Stil und Technik seiner Bilder variieren, was im Kinderbuchgenre selten ist. Sie sind artifiziell, vielleicht zu sehr für den kindlichen Horizont. Derart erinnert Sendak mehr noch an Ensikat und Erlbruch, die er wohl nicht kannte, als an Caldecott und Potter, auf die er sich oft bezog. Kaum zu überschätzen ist der Einfluss der Deutschen Romantik. »Als Papa fort war« ist so sehr Runges Stil nachgebildet, dass man sich gar nicht wundert, dessen Portrait darin wiederzufinden.
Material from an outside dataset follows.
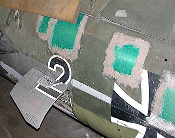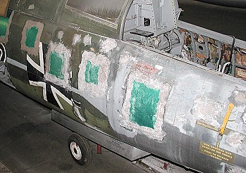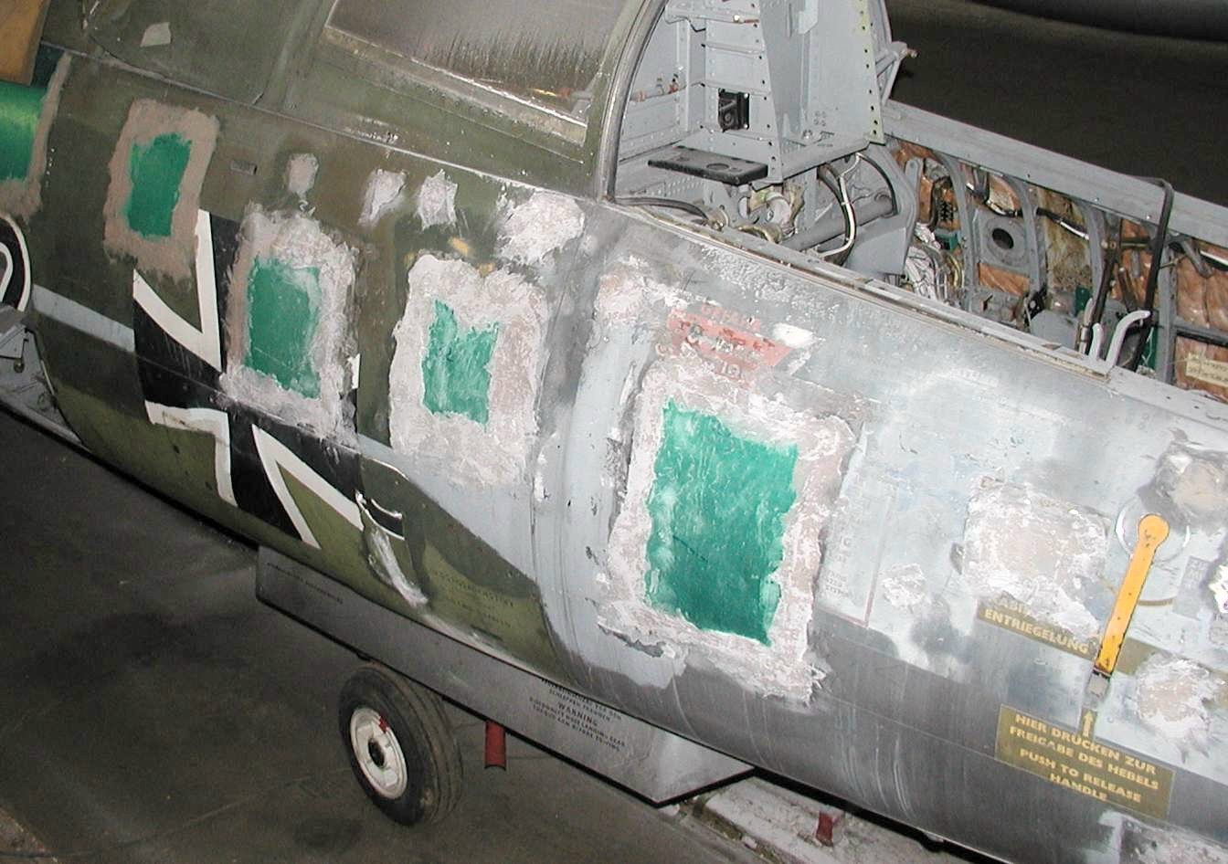Vorne rechts: Man sieht das geplünderte Cockpit. Die Bleche sind schon verspachtelt und verschliffen. Es fehlt nur noch der Feinschliff und der Füller. | |

Der Illustrator gehörte zu den besten seiner Zeit, der Dichter ist ein Fall für die Ewigkeit. Jene Bücher, die Sendak sowohl gemalt als auch geschrieben hat – die nursery rhymes abgezogen sind es ein Dutzend –, wurden seine berühmtesten. Manche davon sind unzweifelhaft kanonisch. Der umwerfende Erfolg etwa der »Nachtküche« kommt nicht zuletzt aus der Fähigkeit, vielschichtige Deutungen hervorzurufen. Während man dem Kind vorliest, läuft das eigene Hirn auf Hochtouren. Das ist eine Qualität, die Kinderbücher nicht haben müssten. Veritable Klassiker des Genres kommen mit wenig aus. Wenn man »Peter Rabbit« ins Auge fasst oder »Die Raupe Nimmersatt« oder, ein jüngstes, »Wo ist mein Hut?«, dann sieht man, dass sie an basale Ideen rühren (Isolation, Flucht, Hunger etc.) und auf dieser einfachsten Ebene funktionieren. Bei Sendak ist immer mehr. Die basalen Ideen erhalten eine Struktur, ohne an Wucht zu verlieren. Mitunter haben Bücher einen langen Arm, der uns packt und nie wieder loslässt. Bei manchen ist der Arm nicht nur lang, sondern auch kräftig. In diesem Fall hat der vorlesende Erwachsene einen ähnlichen Genuss wie das zuhörende Kind.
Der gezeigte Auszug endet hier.